Well, because only ozone and nitrogen oxide appear in the rate law, the RDS must be the first step.

Other rate-law problems will present you with a declining concentration of a particular reactant. For zero-order reactions, graphing the concentration of the reactant versus time gives a line, whose slope is the negative rate constant (-k, so to find k, multiply the slope by -1). Mathematically, you can find the rate constant using the following equation:

[R]0 - [R]t = kt

For first-order reactions, graphing the natural log of the concentration (ln [R]) versus time will yield a straight line. The slope of this line is the opposite of the rate constant (or -k). To find the constant mathematically, use the equation:

ln([R]t/[R]0) = -kt

where t is the time in seconds, [R]t is the concentration at the measured time, [R]0 is the initial concentration, and k is the rate constant.

For second-order reactions, graphing 1/[R] versus time will give a line whose slope is the rate constant, k. Mathematically, the equation for the rate constant is:

1/[R]t - 1/[R]0 = kt

where the variables are the same as above.

Temperature changes also have very important effect on reaction rates.
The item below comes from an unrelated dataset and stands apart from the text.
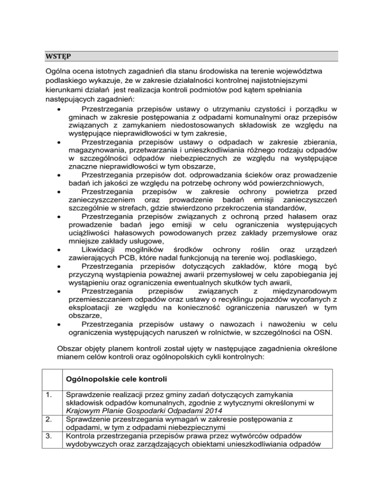 WSTĘP Ogólna ocena istotnych zagadnień dla stanu środowiska na terenie województwa podlaskiego wykazuje, że w zakresie działalności kontrolnej najistotniejszymi kierunkami działań jest realizacja kontroli podmiotów pod kątem spełniania następujących zagadnień: Przestrzegania przepisów ustawy o utrzymaniu czystości i porządku w gminach w zakresie postępowania z odpadami komunalnymi oraz przepisów związanych z zamykaniem niedostosowanych składowisk ze względu na występujące nieprawidłowości w tym zakresie, Przestrzegania przepisów ustawy o odpadach w zakresie zbierania, magazynowania, przetwarzania i unieszkodliwiania różnego rodzaju odpadów w szczególności odpadów niebezpiecznych ze względu na występujące znaczne nieprawidłowości w tym obszarze, Przestrzegania przepisów dot. odprowadzania ścieków oraz prowadzenie badań ich jakości ze względu na potrzebę ochrony wód powierzchniowych, Przestrzegania przepisów w zakresie ochrony powietrza przed zanieczyszczeniem oraz prowadzenie badań emisji zanieczyszczeń szczególnie w strefach, gdzie stwierdzono przekroczenia standardów, Przestrzegania przepisów związanych z ochroną przed hałasem oraz prowadzenie badań jego emisji w celu ograniczenia występujących uciążliwości hałasowych powodowanych przez zakłady przemysłowe oraz mniejsze zakłady usługowe, Likwidacji mogilników środków ochrony roślin oraz urządzeń zawierających PCB, które nadal funkcjonują na terenie woj. podlaskiego, Przestrzegania przepisów dotyczących zakładów, które mogą być przyczyną wystąpienia poważnej awarii przemysłowej w celu zapobiegania jej wystąpieniu oraz ograniczenia ewentualnych skutków tych awarii, Przestrzegania przepisów związanych z międzynarodowym przemieszczaniem odpadów oraz ustawy o recyklingu pojazdów wycofanych z eksploatacji ze względu na konieczność ograniczenia naruszeń w tym obszarze, Przestrzegania przepisów ustawy o nawozach i nawożeniu w celu ograniczenia występujących naruszeń w rolnictwie, w szczególności na OSN. Obszar objęty planem kontroli został ujęty w następujące zagadnienia określone mianem celów kontroli oraz ogólnopolskich cykli kontrolnych: Ogólnopolskie cele kontroli 1. 2. 3. Sprawdzenie realizacji przez gminy zadań dotyczących zamykania składowisk odpadów komunalnych, zgodnie z wytycznymi określonymi w Krajowym Planie Gospodarki Odpadami 2014 Sprawdzenie przestrzegania wymagań w zakresie postępowania z odpadami, w tym z odpadami niebezpiecznymi Kontrola przestrzegania przepisów prawa przez wytwórców odpadów wydobywczych oraz zarządzających obiektami unieszkodliwiania odpadów 4. 5. 6. 7. 8. 9. 10. 11. 12. 13. 14. 15. 16. 17. 18. 19. 20. 21. 22. 23. 24. 25. 26. 27. wydobywczych Kontrola gospodarki osadami ściekowymi, obejmująca wytwarzanie, wykorzystywanie, unieszkodliwianie osadów ściekowych Kontrola przestrzegania wymagań wynikających z ustawy o gospodarce opakowaniami i odpadami opakowaniowymi Kontrola terenów zanieczyszczonych i zdegradowanych składowaniem niebezpiecznych odpadów przemysłowych Ocena przestrzegania wymagań wynikających z ustawy o bateriach i akumulatorach przez podmioty prowadzące działalność w zakresie wytwarzania, zbierania i przetwarzania zużytych baterii i zużytych akumulatorów Kontrola podmiotów wprowadzających ścieki do wód lub do ziemi pod kątem sprawdzenia przestrzegania prawa i decyzji administracyjnych Kontrola wywiązania się aglomeracji priorytetowych z realizacji zadań ujętych w KPOŚK 2010, wg stanu na dzień 31 grudnia 2014r. Sprawdzenie przestrzegania przepisów ochrony środowiska w zakresie emisji substancji i energii do powietrza Sprawdzenie wykonywania zadań określonych w programach ochrony powietrza i planach działań krótkoterminowych Sprawdzenie przestrzegania przepisów ochrony środowiska w zakresie emisji hałasu do środowiska Sprawdzenie przestrzegania przepisów przez podmioty używające czynników chłodniczych oraz dokonujące obrotu nimi pod kątem zastępowania SZWO czynnikami z grupy F-gazów Sprawdzenie przestrzegania przepisów dotyczących substancji chemicznych i ich mieszanin Poprawa jakości danych dostarczanych przez prowadzących instalację w ramach Krajowego Rejestru Uwalniania i Transferu Zanieczyszczeń Sprawdzenie zawartości siarki w ciężkim oleju opałowym stosowanym w instalacjach energetycznego spalania paliw Sprawdzenie zawartości siarki w oleju do silników statków żeglugi śródlądowej Kontrola gospodarstw rolnych podlegających ocenie wypełniania wymogów wzajemnej zgodności (cross-compliance) Sprawdzenie wyeliminowania z użytkowania instalacji i urządzeń zawierających poniżej 50 ppm PCB Kontrola w zakresie monitorowania stanu likwidacji magazynów i mogilników środków chemicznych ochrony roślin Kontrola w zakresie realizacji zadań programu likwidacji „bomb ekologicznych” Kontrola w zakresie przeciwdziałania poważnym awariom Kontrola w zakresie poszukiwania i rozpoznawania złóż gazu łupkowego Kontrola zakładów przetwarzania zużytego sprzętu elektrycznego i elektronicznego Kontrola przestrzegania przepisów ustawy o zużytym sprzęcie elektrycznym i elektronicznym Kontrola stacji demontażu pojazdów Kontrola przestrzegania przepisów ustawy o recyklingu pojazdów 28. 29. 30. 31. wycofanych z eksploatacji Działania kontrolne w ramach funkcjonowania systemu transgranicznego przemieszczania odpadów Sprawdzenie prawidłowości funkcjonowania instalacji przetwarzających i wytwarzających odpady, do których są przywożone, lub z których są wywożone odpady w ramach transgranicznego przemieszczania odpadów Ocena zgodności wyrobów z zasadniczymi wymaganiami przestrzegania Dyrektywy 94/62/WE w sprawie opakowań i odpadów opakowaniowych Ocena zgodności wyrobów z zasadniczymi wymaganiami przestrzegania Dyrektywy 2000/14/WE w sprawie emisji hałasu do otoczenia przez urządzenia u

For instance, the conversion of a hydrocarbon (such as heptane, an ingredient in gasoline) into water and carbon dioxide can take hundreds of years at room temperature; when heptane and oxygen are lit, the mixture burns at very high speed as the heat of combustion continues to raise the temperature. As we indicated above, the reaction rate is dependent on a constant, k, which is in turn related to the fraction of collisions with correct orientation and the fraction of molecules with the required collision energy. In 1889, Svante Arrhenius of Sweden developed an equation relating k to these factors. The Arrhenius equation, named in his honor, is given below:

k = Ae-Ea/RT

where A is the frequency of successful collisions when the reactant concentrations are 1M, expressed in liters per (moles x seconds); e is the mathematical constant (about 2.71828); Ea is the activation energy of the reaction or step in kilojoules (kJ); R is the universal gas constant, 8.314 joules per (moles x kelvins), which we will explore further in the "States of Matter" chapter; and T is the temperature in kelvins. If we take the natural law of both sides, we get the equation:

ln k = -Ea/(RT) + ln A

To make the equation easier to use, we want to get rid of A. We can use two different versions of this equation, at different temperatures, to eliminate it:

1st Equation: ln k1 = -Ea/(RT1) + ln A
2nd Equation: ln k2 = -Ea/(RT2) + ln A

Subtracting the two equations will eliminate A and yield the following equation (ln A - ln B = ln (A/B), factoring out -Ea/R):

ln (k1/k2) = -Ea/R(1/T1 - 1/T2)

The actual rates of reaction (in moles per liter per second) may be substituted for the rate constant if desired. This powerful equation has three main uses: first, we can find the activation energy if two rate constants (or rates) and their temperatures are known; second, we can find a rate constant for a given temperature if we know another rate constant and its temperature and the activation energy; or third, we can find an appropriate temperature for a known rate constant, also given the activation energy and a rate constant/temperature pair.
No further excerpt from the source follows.